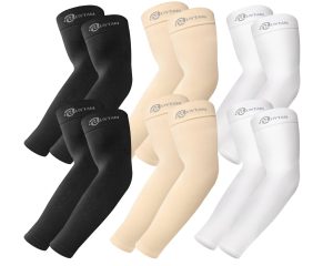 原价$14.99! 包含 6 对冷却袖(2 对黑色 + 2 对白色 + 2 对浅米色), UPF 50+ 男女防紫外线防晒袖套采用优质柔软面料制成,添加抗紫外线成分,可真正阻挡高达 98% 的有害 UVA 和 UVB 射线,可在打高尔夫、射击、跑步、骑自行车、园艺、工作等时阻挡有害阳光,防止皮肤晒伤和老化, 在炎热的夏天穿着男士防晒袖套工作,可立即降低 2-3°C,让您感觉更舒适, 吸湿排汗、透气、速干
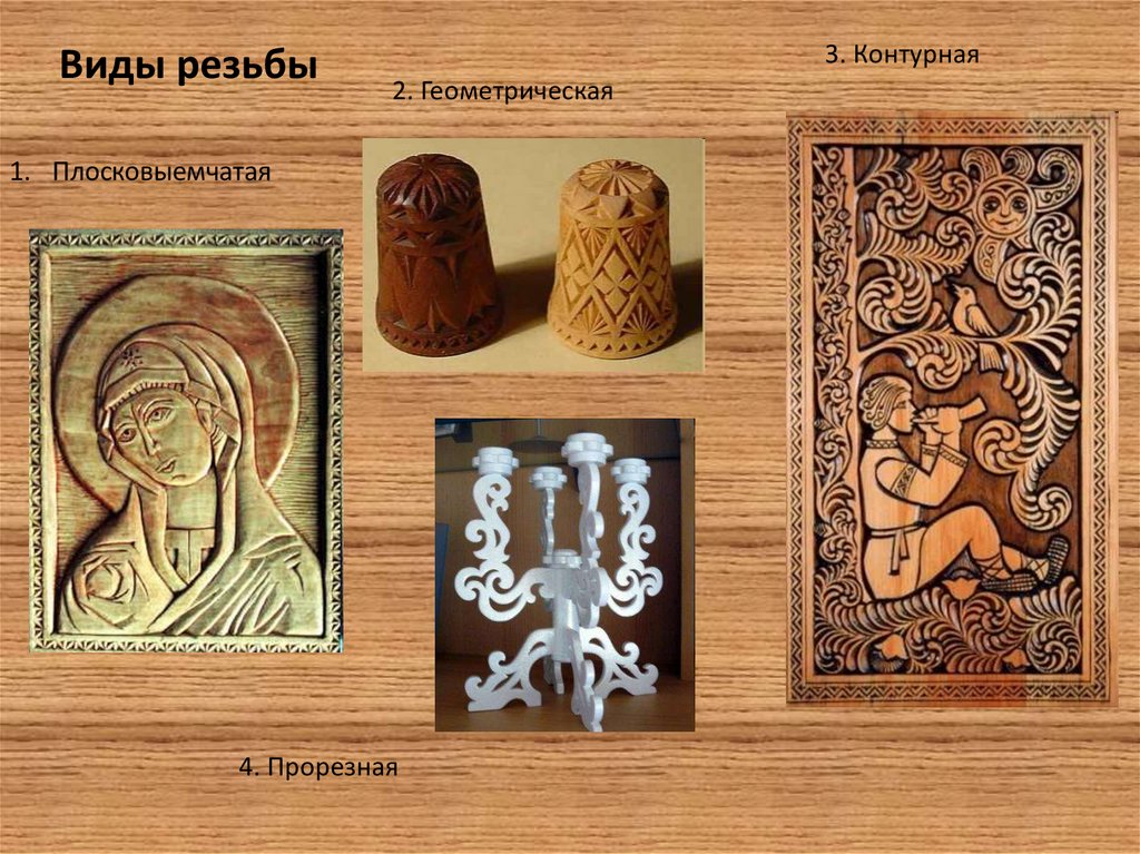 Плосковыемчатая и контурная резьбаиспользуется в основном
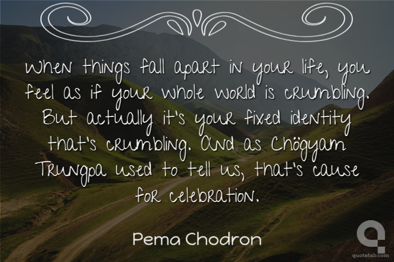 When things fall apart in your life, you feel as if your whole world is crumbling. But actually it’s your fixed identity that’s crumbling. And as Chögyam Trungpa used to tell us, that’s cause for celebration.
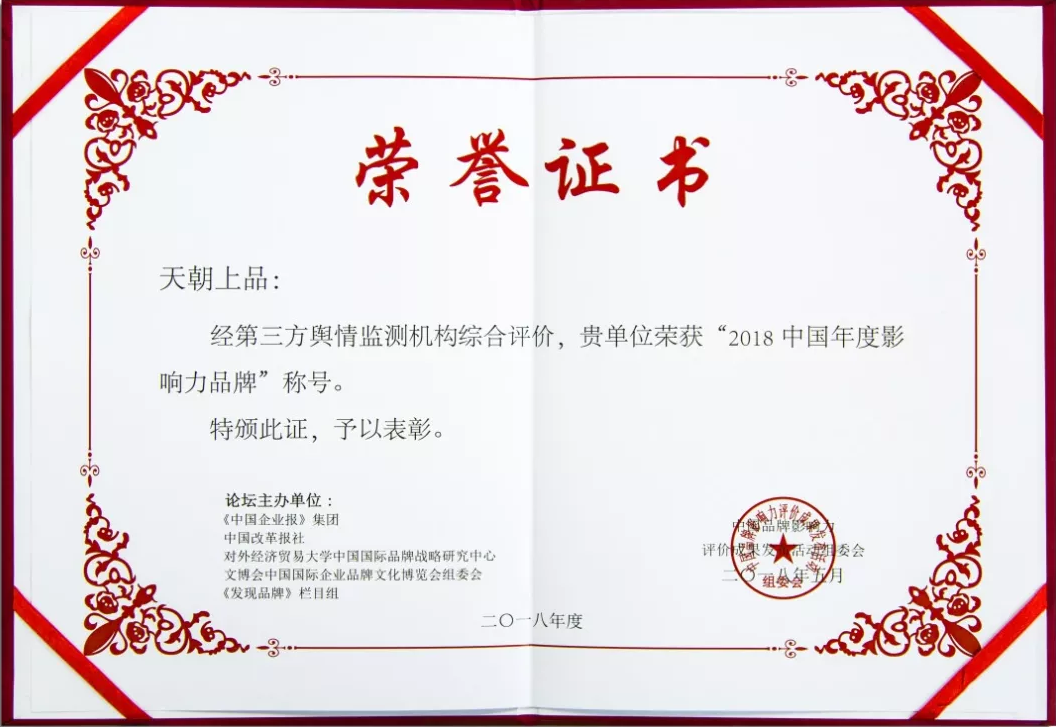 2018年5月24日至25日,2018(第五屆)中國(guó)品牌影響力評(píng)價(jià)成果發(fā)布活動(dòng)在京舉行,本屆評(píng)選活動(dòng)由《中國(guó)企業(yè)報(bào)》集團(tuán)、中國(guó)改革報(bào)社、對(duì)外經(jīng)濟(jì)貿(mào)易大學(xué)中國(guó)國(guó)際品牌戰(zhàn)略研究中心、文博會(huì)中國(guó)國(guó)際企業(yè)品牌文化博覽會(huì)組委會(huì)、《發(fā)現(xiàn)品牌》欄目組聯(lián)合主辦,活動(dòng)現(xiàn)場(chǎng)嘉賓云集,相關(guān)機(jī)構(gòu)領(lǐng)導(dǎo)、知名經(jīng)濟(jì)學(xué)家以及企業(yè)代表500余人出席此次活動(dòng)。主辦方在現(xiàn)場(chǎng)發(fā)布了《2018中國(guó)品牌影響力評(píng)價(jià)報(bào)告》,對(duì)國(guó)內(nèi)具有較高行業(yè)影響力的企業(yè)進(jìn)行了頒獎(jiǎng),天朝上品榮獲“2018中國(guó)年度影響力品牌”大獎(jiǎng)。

**WHAT IS REQUIRED**: Give back an exact repeat of the lines from the top of the data through the line that holds "Плосковыемчатая и контурная", both included, and omit pictures.

**YOUR SOLUTION**:
 原价$14.99! 包含 6 对冷却袖(2 对黑色 + 2 对白色 + 2 对浅米色), UPF 50+ 男女防紫外线防晒袖套采用优质柔软面料制成,添加抗紫外线成分,可真正阻挡高达 98% 的有害 UVA 和 UVB 射线,可在打高尔夫、射击、跑步、骑自行车、园艺、工作等时阻挡有害阳光,防止皮肤晒伤和老化, 在炎热的夏天穿着男士防晒袖套工作,可立即降低 2-3°C,让您感觉更舒适, 吸湿排汗、透气、速干
 Плосковыемчатая и контурная резьбаиспользуется в основном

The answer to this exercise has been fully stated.